Thursday, September 16, 2010

From Here to Eternity.

I don't see what the fuss is about.

Frank Sinatra won an Academy Award for Best Supporting Actor for his performance as Private Angelo Maggio in From Here to Eternity (1953). 

Sinatra's role in the film was small. Granted, Maggio was an important figure in terms of plot advancement, but he had limited screen time and not a whole lot of dialogue. This is the role for which Sinatra fought so hard, used Mob muscle, had Ava Gardner beg and plead with the studio? 

I don't get it.

Maybe the film (and Sinatra as Maggio) received such hype and acclaim because it was Sinatra's first departure from the musical comedy genre and his first foray into serious drama. Like the previous films we have screened for class, Sinatra plays a military man, but From Here to Eternity uses the military to set up the context of the lives of the characters on base and of the power structure in place. 

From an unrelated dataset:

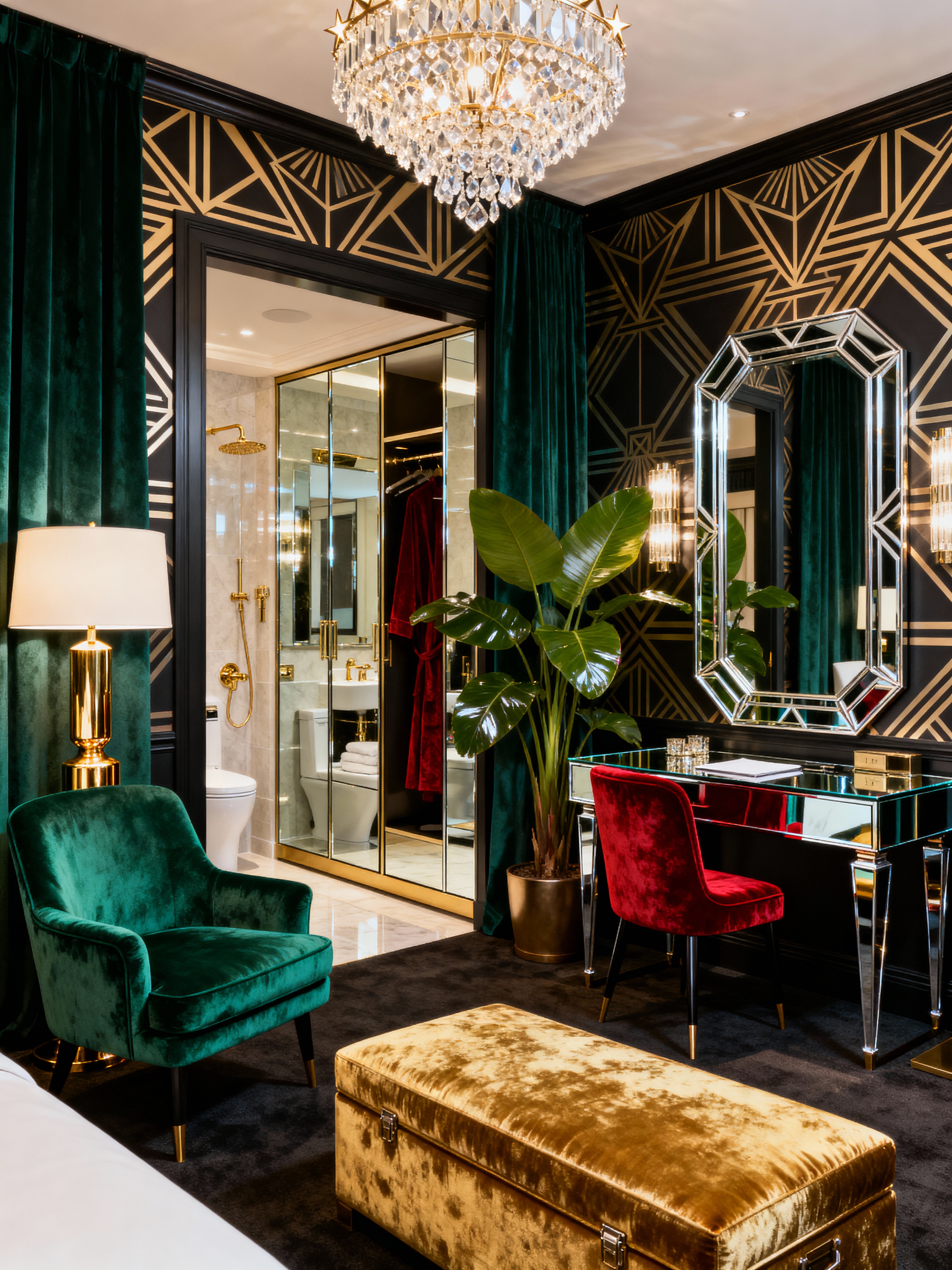 hotel room with hollywood glam style with accent chair and night light and dresser closet and hotel bathroom and plant and working desk with desk chair and mirror and storage bench or ottoman. . with bold colors and mirrored surfaces and star quality and velvet upholstery and art deco influence and luxurious fabrics and metallic accents and crystal chandeliers

In the Maggio character, Sinatra finds an avenue to prove how tough and masculine he can be. Maggio drinks copiously, flirts freely, and fights frequently. He is court marshaled and sent to the stockade for 6 months as punishment for a barroom brawl and for insubordination. Maggio finds his way out of the stockade with a carefully planned escape, but on his way back to his friend Prewitt, Maggio falls out of the back of his escape vehicle. He has been beaten recently, and the combination of the injuries from the beatings and from the fall prove to be too much for Maggio--he dies an uncomfortable death on screen, in the arms of his friend. 

Maggio would have had no place in Anchors Aweigh, It Happened in Brooklyn, or On The Town. He is too rough around the edges, too ethnic (he is frequently referred to as a "wop" by an antagonizing character). Only shiny, happy, perky Sinatra can sing and dance with Gene Kelly.